Hamamelis virginiana L. (Hamamélis de Virginie)

Noms français

Hamamélis de Virginie, café du diable, hamamélide de Virginie. Le h initial des mots « hamamélis » et « hamamélide » est muet. L'hamamélis de Virginie est aussi appelé « aune moucheté » et « noisetier de sorcière » dans certains ouvrages, mais il s'agit de calques de l'anglais aujourd'hui inusités.

Noms anglais

Witch hazel (witch-hazel, witchhazel), Virginian witch hazel, common witch hazel. Plusieurs autres noms sont utilisés, mais la plupart conviennent davantage à d'autres plantes : hazel nut, snapping hazel, spotted alder, striped alder, tobacco wood, winter bloom.

Morphologie

Petit arbre ou arbuste à tiges multiples, à feuilles décidues, haut de 1 à 5 m (très rarement jusqu'à 10 m), à écorce glabre, brune, mince et écailleuse et à branches nombreuses, longues, souples et ramifiées changeant de direction au niveau des noeuds. Selon certains, cette configuration en zigzag sert à étaler le feuillage et à capter le maximum de lumière malgré l'ombre des arbres plus grands. Les feuilles, qui ressemblent à celles des noisetiers (Corylus spp.), mesurent 5 à 15 cm de longueur et ont un bord ondulé ou festonné et une base asymétrique. La plante se multiplie en partie par drageonnement, mais surtout par la graine. Le système racinaire est souvent peu profond. Chez les sujets les mieux développés, le diamètre du tronc peut atteindre 10 cm, ou même dans de rares cas 30 cm. Les plus gros sujets se rencontrent dans le sud de l'aire de répartition.

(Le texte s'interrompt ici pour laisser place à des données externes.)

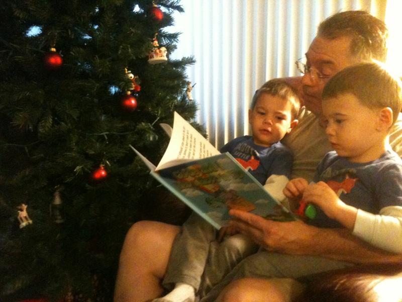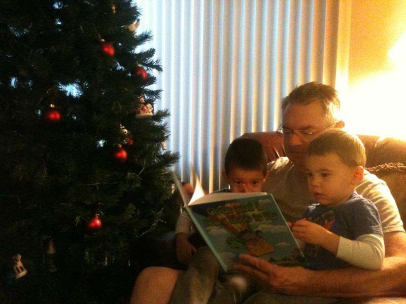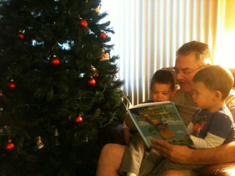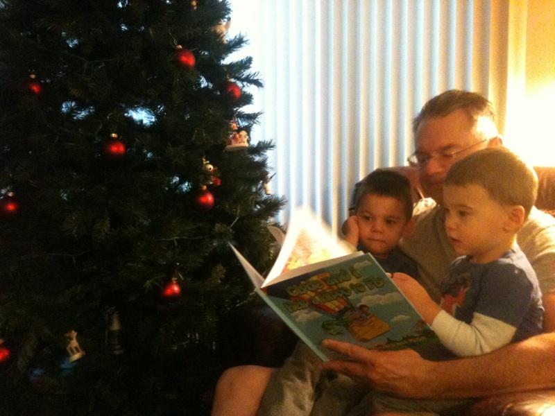 Kristi snapped some shots of Alex, Zach, and me reading what Alex calls “The Purple Hippo Book.”

L'hamamélis a la propriété particulière de fleurir tard en automne, souvent après les premières gelées. Les fleurs sont parfumées, jaunes, réunies en petits groupes axillaires. Elles s'ouvrent pendant le jaunissement des feuilles et persistent après leur chute. C'est le seul arbre forestier d'Amérique du Nord dont les branches peuvent porter en même temps des fruits mûrs, des fleurs et des bourgeons à bois prêts pour l'année suivante. Les fleurs possèdent quatre pétales tordus, en forme de lanières, longs de 1,5 à 2 cm, qui s'enroulent comme pour protéger la fleur lorsqu'il y a baisse de température et se déroulent lorsque la température remonte et que les insectes peuvent reprendre la pollinisation. Les fleurs résistent souvent à plusieurs gelées. L'hamamélis de Virginie produit une très belle floraison, d'autant plus voyante que la plupart des arbres ont déjà perdu leurs feuilles ou sont en train de les perdre.

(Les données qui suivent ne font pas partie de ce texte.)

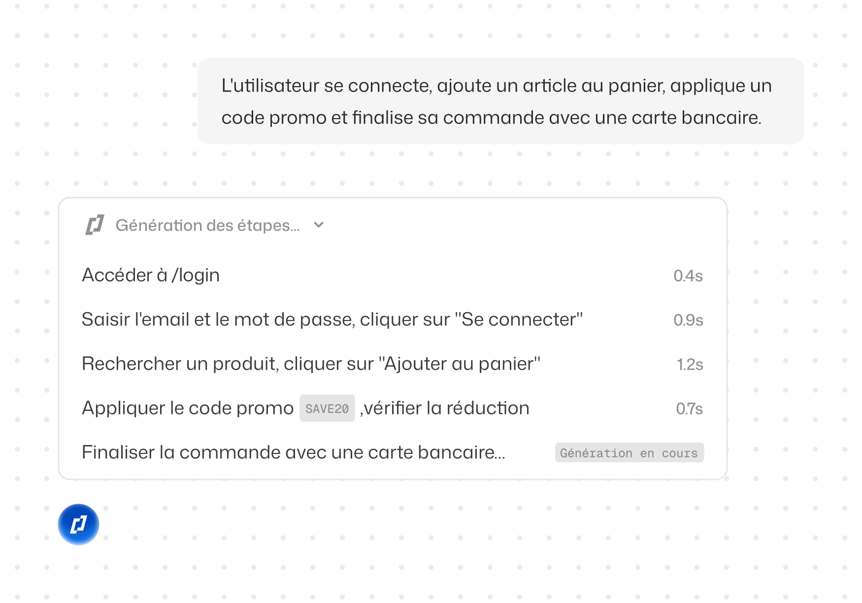 Tous les membres de l'équipe peuvent créer des tests E2E en décrivant le scénario en langage naturel. Le moteur d'analyse AI gère automatiquement les assertions et les cas limites, sans qu'aucune configuration de cadre de test ne soit requise.

Dans le nord de son aire, l'hamamélis fleurit entre le mois d'octobre et le début décembre, alors que pratiquement toutes les autres espèces ont fini de fleurir ou ont depuis longtemps terminé leur stade de floraison maximale. Dans le sud, la floraison peut se poursuivre jusqu'en mars. Les fruits, qui mûrissent l'été suivant, sont des capsules ligneuses, brunes, pubescentes, longues de 1 à 1,5 cm, surmontées de deux pointes et réunies en paires. Les graines, généralement deux par capsule, sont noires et luisantes à l'extérieur et blanches, huileuses et farineuses à l'intérieur. Elles sont petites, mais comestibles comme celles des noisetiers (Corylus spp.), qui appartiennent à une famille voisine.

Classification et répartition

Le genre Hamamelis comprend une demi-douzaine d'espèces, toutes des arbustes ou de petits arbres, à feuilles décidues. L'H. virginiana est présent depuis le Minnesota, le nord du Michigan, le sud de l'Ontario, le sud du Québec, le Nouveau-Brunswick et le sud de la Nouvelle-Écosse jusqu'au Texas et au centre de la Floride. Dans ce vaste territoire, plusieurs variétés ont été décrites à partir de caractères des feuilles, mais leur valeur taxonomique reste à vérifier.

Dans la partie nord de l'aire, les feuilles sont relativement grandes, les fleurs sont jaune vif, et la plante ne dépasse généralement pas la taille d'un arbuste. En Caroline du Sud, en Géorgie et en Floride, les feuilles sont généralement plus petites, les pétales sont d'un jaune sensiblement plus pâle, et la plante peut atteindre la taille d'un petit arbre (ce type correspond à la variété parvifolia Nutt.).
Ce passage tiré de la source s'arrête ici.